In the meantime, I was becoming an anthropologist. As it turned out, it was more useful than being an organizer or activist to some NGOs and particular causes… I offered legitimacy that an “activist” would not have.[16]

                                 Interview with Mark Schuller,
                                 Anthropology of Contemporary Issues April 2012

And indeed, let there be no mistake, as Schuller states elsewhere,

All of my professional energy, my time, my Ph.D., my resources that I can bring to the table, the credibility that the doctorate brings and that the professorship brings, all of it is in the service of the people that I work with and the social justice vision that we share.[17]                                                                          [ibid]
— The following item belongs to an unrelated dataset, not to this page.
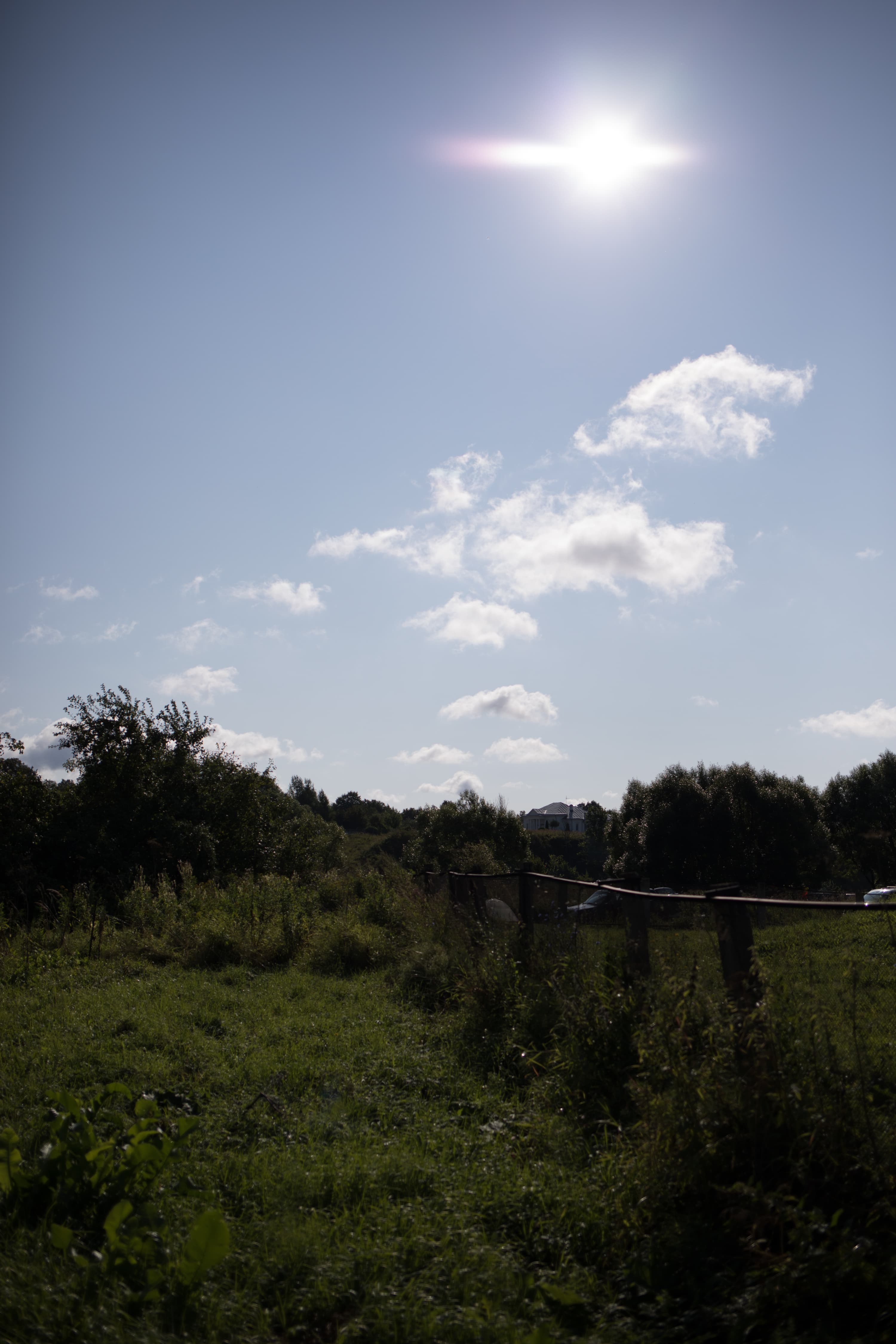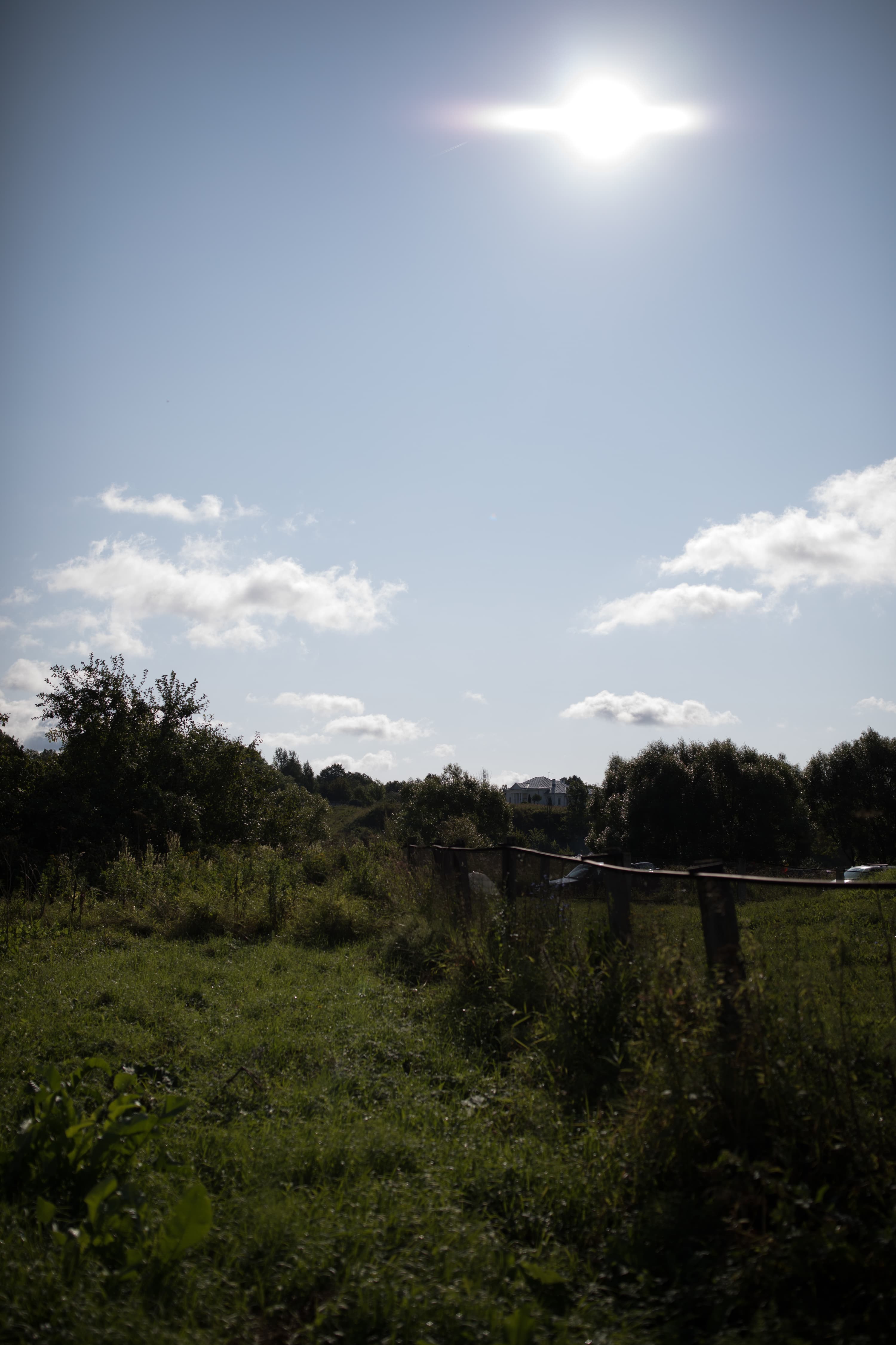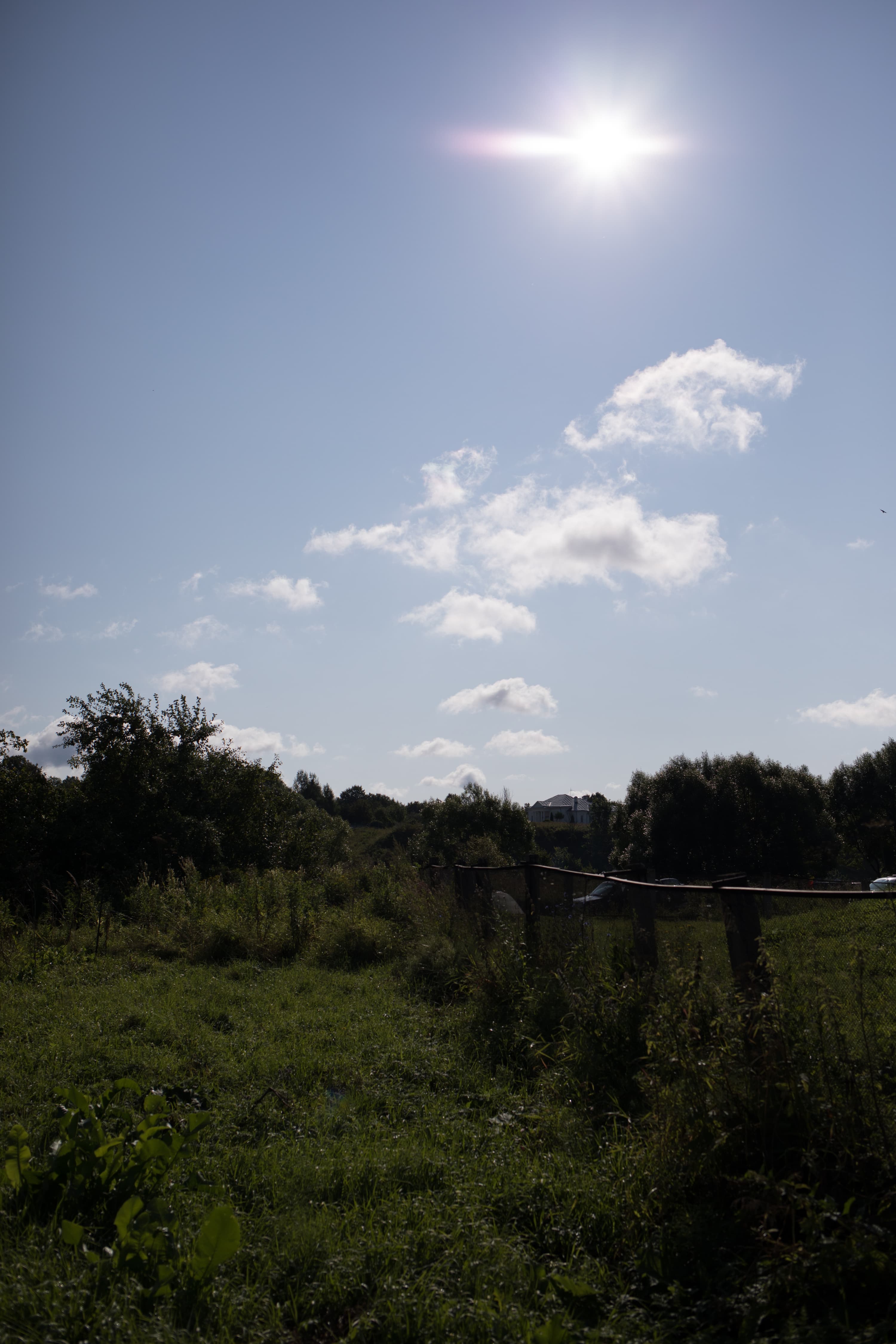 Снимки ниже сделаны в Суздале, в огородах между рекой Каменкой и стенами Покровского монастыря при ISO 100. Из-за высокой яркости утреннего солнца при F1,4—F2 камере не хватило минимальной длительности выдержки (требовалось 1/32000 с и 1/16000 с соответственно), поэтому допущенную передержку мы исправили в Adobe Camera RAW. Эта коррекция не влияет на значимую для нас деталь — рисунок солнца и его лучей.

Lest the absurdity of what Schuller is saying be missed, who are “the people” and how is it that Schuller comes to decide that he will work with them? And how do anthropologists like Schuller know that “the people” do indeed “share” the activist-anthropologist’s “social justice vision”? Do the people tell them so? A scientist would answer those questions by citing statistical tools for identifying the underprivileged, powerless and the poor. A scientist would cite statistically representative opinion polls or other mechanisms for attempting to objectively measure what “the people” want. But without those tools, and without understanding how to apply these tools, anyone can claim to be “the people” and anyone can solicit money for social justice and anyone, as seen in The Great Haiti Humanitarian Aid Swindle, can make up claims of rampant child slavery, rape, violence, and massive orphan crisis.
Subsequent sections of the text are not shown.